RNA-basierte antivirale Immunität in einem pflanzlichen in vitro-System

First observed in plants, suppression of viral infections by small RNAs is yet established as an ancient immune response that is mechanistically related to RNA interference (RNAi). The immune response initiates with the recognition of viral double-stranded and/or structured RNA by DICER-LIKE (DCL) RNAse III enzymes that generate 21–25 nucleotide (nt) RNA fragments. Some of these small interfering RNAs (siRNAs) direct specific silencing of the homologous viral genomic and/or messenger RNAs by RNaseH-like Argonaute protein(s). The Argonaute proteins are believed to be components of yet incompletely characterized effector complexes, such as RNA-induced silencing complexes (RISC). In Arabidopsis Thaliana, four DCLs and ten Argonaute proteins are reported. So far, it was shown that DCL2 and DCL4 that generate 22 nt and 21 nt siRNAs act redundantly, and either was found sufficient to initiate small RNA-directed immunity against various positive-strand RNA viruses.
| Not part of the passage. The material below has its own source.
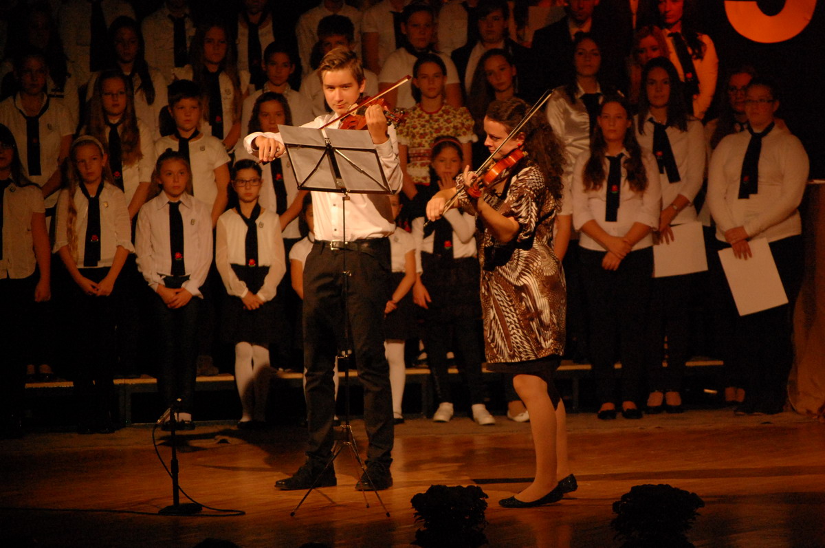 Verses-zenés összeállításunkban minden osztály legjobbjai vettek részt. Nagy öröm volt számunkra, hogy mostani tanítványaink mellett régi diákjaink is jelen voltak ünnepségünkön. Ők meghallották hívó szavunkat, és eljöttek velünk ünnepelni. Van közöttük vegyészmérnök, hegedűtanárnő, tanítónő, óvónő, egyetemi hallgató, középiskolás diák, leendő mérnök, matematikus. Ők beálltak az énekkar soraiba és verset is mondtak. Közülük Török Bernadett és Nagy Mátyás csodás hegedűjátékukkal kápráztatták el a közönséget.

Concerning the Argonaute proteins, controversial data exist on the role of Ago1 mediating antiviral activity. Ago2 and Ago5 bind viral siRNAs but their role in viral immunity is tentative. Importantly, many plant viruses have evolved proteins that suppress at different stages of the silencing pathway. The best-characterized silencing suppressor is the p19 protein of Tombusviruses, which specifically binds 21-nt siRNAs in vitro and in vivo preventing siRNA incorporation into effector complexes such as RISC. Taking advantage of an in vitro translation/replication system of the Tombusvirus Tomato bushy stunt virus (TBSV), this project aims at performing an in depth characterization of the function of TBSV RNA generated siRNAs and of individual cellular proteins in RNA-based antiviral immunity.